1:16 Too cold with the windchill. I think our school system does like minus 40 with windchill is where the number hits. So if it gets down to like -6, Tommy, any wind makes it feel like -40. So they’re going to just cancel things. Luckily for me my office is in my basement so all I got to do is wake up and come downstairs and that’s where I am. Didn’t really interrupt my work schedule too much.
1:48 Just fine. I did turn on a lot of the heaters though, so I’m expecting quite a substantial heating bill this month just because of all the heat.
1:55 Compared to what people used to do. I don’t know what Abraham Lincoln did when he lived in Chicago, man. But you just had wood in a fire and you got to still deal with Chicago weather.
2:07 It’s funny you mentioned that, Tommy. I was thinking about this the other day. I was outside pulling in wood from our wood pile. We’re in the suburbs, so we don’t have a forest. We don’t cut down wood in any way. We go get some wood from our stockpile outside and bring it inside the house, and I think to myself, I was down in the basement looking at the furnace going, that furnace keeps this whole house warm and it’s like a nice box and it’s so efficient. I couldn’t even imagine the day where you had to make sure you had enough wood piled up for the winter so that you could keep your house warm.
2:52 That was work. And my wife was like, “Yeah, people had to do a lot of heavy work just to stay alive.” I’m like, “Yeah, that’s so true.” Wild, huh, Tommy?
3:01 Yeah. And he was a lawyer and he did all — could you imagine? I don’t know, man. That’s crazy. I like my technology. You’re funny too because I think this is the multiple time I’ve heard you bring up Abraham Lincoln.

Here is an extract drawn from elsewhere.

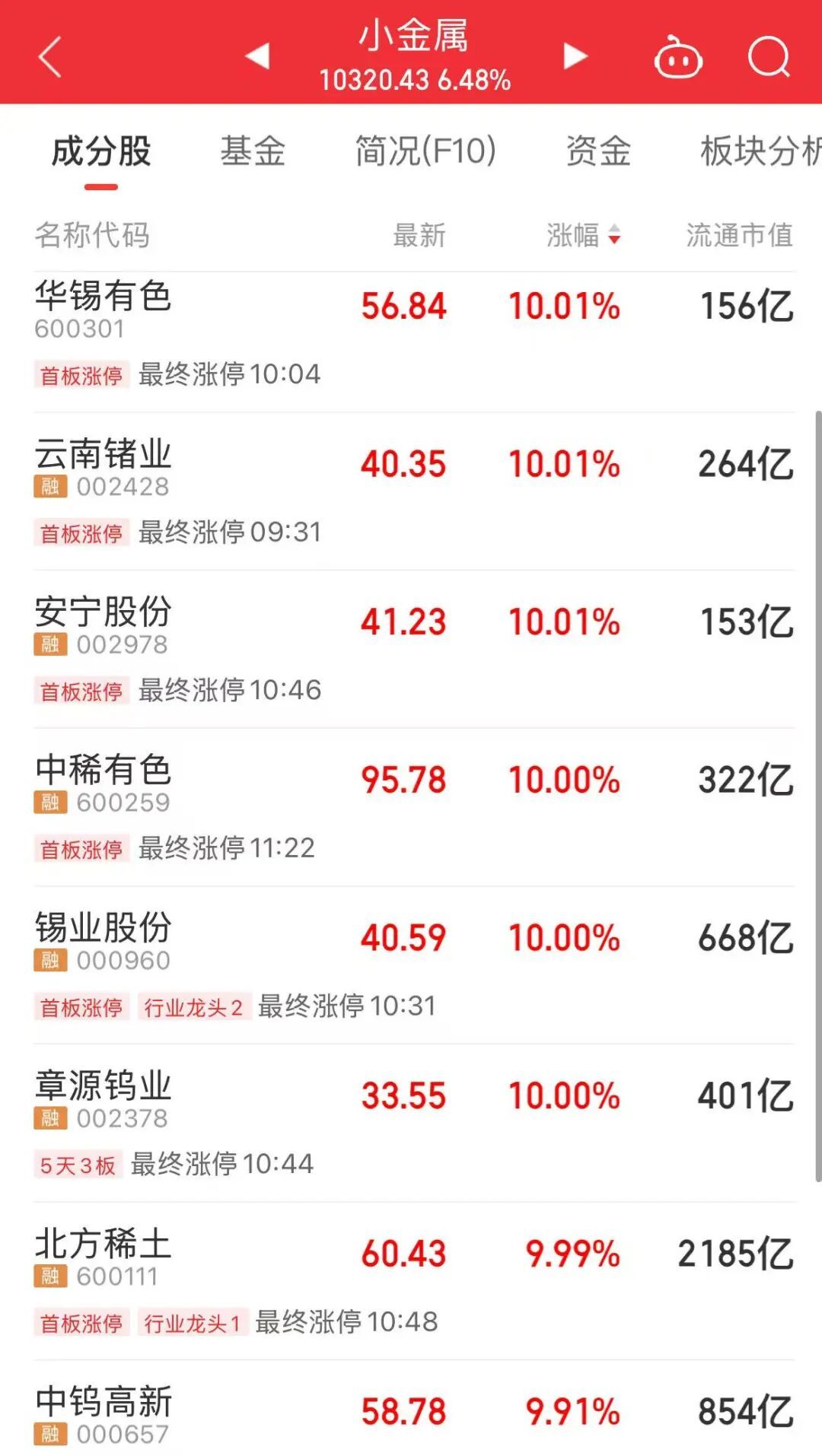 有色金属板块中,小金属、能源金属、工业金属等细分板块涨幅明显。

3:23 Maybe that’s why I’m hearing more of the Abraham Lincoln stuff. I don’t know about the guy very much. I know that he was a founding father of the United States, but other than that, I really haven’t paid much attention to him. All right. Today’s main topic — we’ll be talking about a remote Fabric Jupyter notebook and using it with local VS Code.
3:57 There’s already an extension today that you can use to help you go back and forth between the notebook and the Spark engine in Fabric. We’ll unpack this question. There’s some cost considerations here as well. There’s some interesting patterns that I think evolve from here.
4:31 I believe someone even had a Git repo around this topic where they were taking files down from OneLake and mirroring them to your local machine. So you could have the files locally and run an offline version of your Spark engine to develop your notebooks and then publish the notebook back up to the service.
5:08 So I think the only news that we have — we have something on the Power BI blog. We actually talked about this last week. It’s officially here now though. It wasn’t announced — we found it, but it wasn’t really officially announced until it was on the summary of the updated notes.
5:35 When we did our feature draft on Thursday last week, I was like, I think this is something that’s been out because I’ve been using it for six years. It was like two paragraphs on modern visual tooltips which I’ve been using since my old job in Florida which was six years ago.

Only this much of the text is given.